━━ Data for this exercise ━━

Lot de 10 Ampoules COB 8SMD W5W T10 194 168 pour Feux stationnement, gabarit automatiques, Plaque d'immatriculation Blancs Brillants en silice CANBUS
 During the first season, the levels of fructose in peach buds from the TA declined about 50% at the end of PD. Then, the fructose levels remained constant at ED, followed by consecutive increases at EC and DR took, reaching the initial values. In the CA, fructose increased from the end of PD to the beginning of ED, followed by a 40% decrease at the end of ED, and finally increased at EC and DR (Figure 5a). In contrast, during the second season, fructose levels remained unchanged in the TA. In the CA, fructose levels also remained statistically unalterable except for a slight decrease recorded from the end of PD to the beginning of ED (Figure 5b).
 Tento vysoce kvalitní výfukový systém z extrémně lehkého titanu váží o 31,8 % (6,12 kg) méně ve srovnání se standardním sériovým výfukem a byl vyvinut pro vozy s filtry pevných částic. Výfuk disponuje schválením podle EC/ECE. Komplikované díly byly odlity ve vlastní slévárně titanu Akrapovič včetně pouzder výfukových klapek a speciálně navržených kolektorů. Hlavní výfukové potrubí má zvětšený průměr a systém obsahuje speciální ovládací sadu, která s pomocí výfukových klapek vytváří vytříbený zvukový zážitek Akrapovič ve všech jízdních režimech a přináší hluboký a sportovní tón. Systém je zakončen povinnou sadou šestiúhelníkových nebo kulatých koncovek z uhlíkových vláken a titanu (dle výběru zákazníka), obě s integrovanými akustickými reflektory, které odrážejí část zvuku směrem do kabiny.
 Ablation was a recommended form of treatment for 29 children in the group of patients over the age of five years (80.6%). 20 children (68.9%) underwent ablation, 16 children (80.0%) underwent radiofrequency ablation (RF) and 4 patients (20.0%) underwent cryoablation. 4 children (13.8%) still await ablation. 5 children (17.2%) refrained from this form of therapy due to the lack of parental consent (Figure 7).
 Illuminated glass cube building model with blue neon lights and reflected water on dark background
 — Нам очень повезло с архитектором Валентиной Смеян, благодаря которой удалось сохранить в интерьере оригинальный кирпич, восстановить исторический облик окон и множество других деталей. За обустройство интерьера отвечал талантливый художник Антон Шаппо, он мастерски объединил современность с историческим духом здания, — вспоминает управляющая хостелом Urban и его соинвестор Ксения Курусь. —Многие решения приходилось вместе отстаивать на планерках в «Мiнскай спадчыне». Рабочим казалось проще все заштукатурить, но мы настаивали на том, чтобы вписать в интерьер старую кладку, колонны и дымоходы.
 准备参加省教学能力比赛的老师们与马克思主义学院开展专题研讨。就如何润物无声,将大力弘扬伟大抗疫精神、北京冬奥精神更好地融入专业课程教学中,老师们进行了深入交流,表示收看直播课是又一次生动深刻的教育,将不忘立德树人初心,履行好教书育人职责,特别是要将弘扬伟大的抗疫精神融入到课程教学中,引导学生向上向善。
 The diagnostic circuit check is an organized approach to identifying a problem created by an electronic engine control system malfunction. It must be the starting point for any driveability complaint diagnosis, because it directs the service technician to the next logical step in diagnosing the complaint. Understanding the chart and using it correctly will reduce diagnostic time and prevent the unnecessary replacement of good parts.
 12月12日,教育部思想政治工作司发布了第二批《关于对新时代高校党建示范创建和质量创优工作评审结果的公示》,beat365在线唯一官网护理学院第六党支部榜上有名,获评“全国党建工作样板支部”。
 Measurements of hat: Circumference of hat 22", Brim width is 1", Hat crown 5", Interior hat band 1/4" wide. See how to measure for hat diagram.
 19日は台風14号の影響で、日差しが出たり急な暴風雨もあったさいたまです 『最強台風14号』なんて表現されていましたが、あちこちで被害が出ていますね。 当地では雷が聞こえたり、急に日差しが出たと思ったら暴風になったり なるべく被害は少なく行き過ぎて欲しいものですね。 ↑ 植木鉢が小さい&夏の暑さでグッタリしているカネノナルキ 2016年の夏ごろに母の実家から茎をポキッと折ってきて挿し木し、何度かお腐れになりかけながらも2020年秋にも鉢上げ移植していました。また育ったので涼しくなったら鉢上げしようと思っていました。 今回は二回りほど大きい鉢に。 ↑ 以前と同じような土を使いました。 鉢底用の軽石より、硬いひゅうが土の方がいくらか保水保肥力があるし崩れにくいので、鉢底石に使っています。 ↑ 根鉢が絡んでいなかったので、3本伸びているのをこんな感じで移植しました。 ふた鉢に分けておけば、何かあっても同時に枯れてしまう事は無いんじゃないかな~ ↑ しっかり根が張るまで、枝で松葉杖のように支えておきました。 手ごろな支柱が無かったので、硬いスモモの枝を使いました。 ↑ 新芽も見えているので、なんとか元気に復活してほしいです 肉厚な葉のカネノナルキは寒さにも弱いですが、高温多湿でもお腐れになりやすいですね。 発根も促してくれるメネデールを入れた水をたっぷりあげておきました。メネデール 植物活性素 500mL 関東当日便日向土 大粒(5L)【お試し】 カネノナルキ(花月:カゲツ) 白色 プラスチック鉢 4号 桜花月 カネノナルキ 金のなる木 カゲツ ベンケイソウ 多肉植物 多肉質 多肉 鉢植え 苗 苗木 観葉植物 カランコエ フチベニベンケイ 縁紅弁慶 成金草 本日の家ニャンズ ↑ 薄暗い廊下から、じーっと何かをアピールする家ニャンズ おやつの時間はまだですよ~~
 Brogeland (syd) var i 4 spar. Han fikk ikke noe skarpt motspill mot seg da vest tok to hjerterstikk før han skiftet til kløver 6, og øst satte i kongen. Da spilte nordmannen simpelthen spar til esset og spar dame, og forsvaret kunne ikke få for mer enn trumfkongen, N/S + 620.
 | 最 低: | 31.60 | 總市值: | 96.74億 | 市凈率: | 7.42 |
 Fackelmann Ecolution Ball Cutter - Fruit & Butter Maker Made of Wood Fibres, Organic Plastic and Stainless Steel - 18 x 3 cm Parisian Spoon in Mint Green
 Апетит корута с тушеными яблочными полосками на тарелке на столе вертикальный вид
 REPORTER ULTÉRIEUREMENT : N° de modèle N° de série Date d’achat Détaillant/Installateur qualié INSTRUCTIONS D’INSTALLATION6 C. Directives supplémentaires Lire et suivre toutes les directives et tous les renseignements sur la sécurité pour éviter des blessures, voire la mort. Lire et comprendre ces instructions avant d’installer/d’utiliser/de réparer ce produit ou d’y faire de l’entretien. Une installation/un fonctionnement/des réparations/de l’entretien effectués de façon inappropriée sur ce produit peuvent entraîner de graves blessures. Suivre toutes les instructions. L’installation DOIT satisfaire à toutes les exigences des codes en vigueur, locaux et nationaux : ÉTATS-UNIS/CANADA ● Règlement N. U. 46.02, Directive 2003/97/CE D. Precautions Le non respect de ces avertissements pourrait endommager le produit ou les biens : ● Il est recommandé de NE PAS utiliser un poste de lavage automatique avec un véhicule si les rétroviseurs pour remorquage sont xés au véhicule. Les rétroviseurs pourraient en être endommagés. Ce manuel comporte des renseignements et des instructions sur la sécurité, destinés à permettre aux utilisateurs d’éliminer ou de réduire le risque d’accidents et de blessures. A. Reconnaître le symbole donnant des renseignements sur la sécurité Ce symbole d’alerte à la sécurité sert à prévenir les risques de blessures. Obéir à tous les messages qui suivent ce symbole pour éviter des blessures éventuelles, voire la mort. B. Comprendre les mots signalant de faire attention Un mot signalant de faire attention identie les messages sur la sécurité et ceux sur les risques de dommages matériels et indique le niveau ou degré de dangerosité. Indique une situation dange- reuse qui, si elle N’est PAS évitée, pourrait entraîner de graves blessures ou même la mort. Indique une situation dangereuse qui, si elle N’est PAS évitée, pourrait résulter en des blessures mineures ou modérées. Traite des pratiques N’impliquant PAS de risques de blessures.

━━━

| What you are asked to do |
Take each line of the listing above and set it down again exactly.

| Response area |
Lot de 10 Ampoules COB 8SMD W5W T10 194 168 pour Feux stationnement, gabarit automatiques, Plaque d'immatriculation Blancs Brillants en silice CANBUS
 During the first season, the levels of fructose in peach buds from the TA declined about 50% at the end of PD. Then, the fructose levels remained constant at ED, followed by consecutive increases at EC and DR took, reaching the initial values. In the CA, fructose increased from the end of PD to the beginning of ED, followed by a 40% decrease at the end of ED, and finally increased at EC and DR (Figure 5a). In contrast, during the second season, fructose levels remained unchanged in the TA. In the CA, fructose levels also remained statistically unalterable except for a slight decrease recorded from the end of PD to the beginning of ED (Figure 5b).
 Tento vysoce kvalitní výfukový systém z extrémně lehkého titanu váží o 31,8 % (6,12 kg) méně ve srovnání se standardním sériovým výfukem a byl vyvinut pro vozy s filtry pevných částic. Výfuk disponuje schválením podle EC/ECE. Komplikované díly byly odlity ve vlastní slévárně titanu Akrapovič včetně pouzder výfukových klapek a speciálně navržených kolektorů. Hlavní výfukové potrubí má zvětšený průměr a systém obsahuje speciální ovládací sadu, která s pomocí výfukových klapek vytváří vytříbený zvukový zážitek Akrapovič ve všech jízdních režimech a přináší hluboký a sportovní tón. Systém je zakončen povinnou sadou šestiúhelníkových nebo kulatých koncovek z uhlíkových vláken a titanu (dle výběru zákazníka), obě s integrovanými akustickými reflektory, které odrážejí část zvuku směrem do kabiny.
 Ablation was a recommended form of treatment for 29 children in the group of patients over the age of five years (80.6%). 20 children (68.9%) underwent ablation, 16 children (80.0%) underwent radiofrequency ablation (RF) and 4 patients (20.0%) underwent cryoablation. 4 children (13.8%) still await ablation. 5 children (17.2%) refrained from this form of therapy due to the lack of parental consent (Figure 7).
 Illuminated glass cube building model with blue neon lights and reflected water on dark background
 — Нам очень повезло с архитектором Валентиной Смеян, благодаря которой удалось сохранить в интерьере оригинальный кирпич, восстановить исторический облик окон и множество других деталей. За обустройство интерьера отвечал талантливый художник Антон Шаппо, он мастерски объединил современность с историческим духом здания, — вспоминает управляющая хостелом Urban и его соинвестор Ксения Курусь. —Многие решения приходилось вместе отстаивать на планерках в «Мiнскай спадчыне». Рабочим казалось проще все заштукатурить, но мы настаивали на том, чтобы вписать в интерьер старую кладку, колонны и дымоходы.
 准备参加省教学能力比赛的老师们与马克思主义学院开展专题研讨。就如何润物无声,将大力弘扬伟大抗疫精神、北京冬奥精神更好地融入专业课程教学中,老师们进行了深入交流,表示收看直播课是又一次生动深刻的教育,将不忘立德树人初心,履行好教书育人职责,特别是要将弘扬伟大的抗疫精神融入到课程教学中,引导学生向上向善。
 The diagnostic circuit check is an organized approach to identifying a problem created by an electronic engine control system malfunction. It must be the starting point for any driveability complaint diagnosis, because it directs the service technician to the next logical step in diagnosing the complaint. Understanding the chart and using it correctly will reduce diagnostic time and prevent the unnecessary replacement of good parts.
 12月12日,教育部思想政治工作司发布了第二批《关于对新时代高校党建示范创建和质量创优工作评审结果的公示》,beat365在线唯一官网护理学院第六党支部榜上有名,获评“全国党建工作样板支部”。
 Measurements of hat: Circumference of hat 22", Brim width is 1", Hat crown 5", Interior hat band 1/4" wide. See how to measure for hat diagram.
 19日は台風14号の影響で、日差しが出たり急な暴風雨もあったさいたまです 『最強台風14号』なんて表現されていましたが、あちこちで被害が出ていますね。 当地では雷が聞こえたり、急に日差しが出たと思ったら暴風になったり なるべく被害は少なく行き過ぎて欲しいものですね。 ↑ 植木鉢が小さい&夏の暑さでグッタリしているカネノナルキ 2016年の夏ごろに母の実家から茎をポキッと折ってきて挿し木し、何度かお腐れになりかけながらも2020年秋にも鉢上げ移植していました。また育ったので涼しくなったら鉢上げしようと思っていました。 今回は二回りほど大きい鉢に。 ↑ 以前と同じような土を使いました。 鉢底用の軽石より、硬いひゅうが土の方がいくらか保水保肥力があるし崩れにくいので、鉢底石に使っています。 ↑ 根鉢が絡んでいなかったので、3本伸びているのをこんな感じで移植しました。 ふた鉢に分けておけば、何かあっても同時に枯れてしまう事は無いんじゃないかな~ ↑ しっかり根が張るまで、枝で松葉杖のように支えておきました。 手ごろな支柱が無かったので、硬いスモモの枝を使いました。 ↑ 新芽も見えているので、なんとか元気に復活してほしいです 肉厚な葉のカネノナルキは寒さにも弱いですが、高温多湿でもお腐れになりやすいですね。 発根も促してくれるメネデールを入れた水をたっぷりあげておきました。メネデール 植物活性素 500mL 関東当日便日向土 大粒(5L)【お試し】 カネノナルキ(花月:カゲツ) 白色 プラスチック鉢 4号 桜花月 カネノナルキ 金のなる木 カゲツ ベンケイソウ 多肉植物 多肉質 多肉 鉢植え 苗 苗木 観葉植物 カランコエ フチベニベンケイ 縁紅弁慶 成金草 本日の家ニャンズ ↑ 薄暗い廊下から、じーっと何かをアピールする家ニャンズ おやつの時間はまだですよ~~
 Brogeland (syd) var i 4 spar. Han fikk ikke noe skarpt motspill mot seg da vest tok to hjerterstikk før han skiftet til kløver 6, og øst satte i kongen. Da spilte nordmannen simpelthen spar til esset og spar dame, og forsvaret kunne ikke få for mer enn trumfkongen, N/S + 620.
 | 最 低: | 31.60 | 總市值: | 96.74億 | 市凈率: | 7.42 |
 Fackelmann Ecolution Ball Cutter - Fruit & Butter Maker Made of Wood Fibres, Organic Plastic and Stainless Steel - 18 x 3 cm Parisian Spoon in Mint Green
 Апетит корута с тушеными яблочными полосками на тарелке на столе вертикальный вид
 REPORTER ULTÉRIEUREMENT : N° de modèle N° de série Date d’achat Détaillant/Installateur qualié INSTRUCTIONS D’INSTALLATION6 C. Directives supplémentaires Lire et suivre toutes les directives et tous les renseignements sur la sécurité pour éviter des blessures, voire la mort. Lire et comprendre ces instructions avant d’installer/d’utiliser/de réparer ce produit ou d’y faire de l’entretien. Une installation/un fonctionnement/des réparations/de l’entretien effectués de façon inappropriée sur ce produit peuvent entraîner de graves blessures. Suivre toutes les instructions. L’installation DOIT satisfaire à toutes les exigences des codes en vigueur, locaux et nationaux : ÉTATS-UNIS/CANADA ● Règlement N. U. 46.02, Directive 2003/97/CE D. Precautions Le non respect de ces avertissements pourrait endommager le produit ou les biens : ● Il est recommandé de NE PAS utiliser un poste de lavage automatique avec un véhicule si les rétroviseurs pour remorquage sont xés au véhicule. Les rétroviseurs pourraient en être endommagés. Ce manuel comporte des renseignements et des instructions sur la sécurité, destinés à permettre aux utilisateurs d’éliminer ou de réduire le risque d’accidents et de blessures. A. Reconnaître le symbole donnant des renseignements sur la sécurité Ce symbole d’alerte à la sécurité sert à prévenir les risques de blessures. Obéir à tous les messages qui suivent ce symbole pour éviter des blessures éventuelles, voire la mort. B. Comprendre les mots signalant de faire attention Un mot signalant de faire attention identie les messages sur la sécurité et ceux sur les risques de dommages matériels et indique le niveau ou degré de dangerosité. Indique une situation dange- reuse qui, si elle N’est PAS évitée, pourrait entraîner de graves blessures ou même la mort. Indique une situation dangereuse qui, si elle N’est PAS évitée, pourrait résulter en des blessures mineures ou modérées. Traite des pratiques N’impliquant PAS de risques de blessures.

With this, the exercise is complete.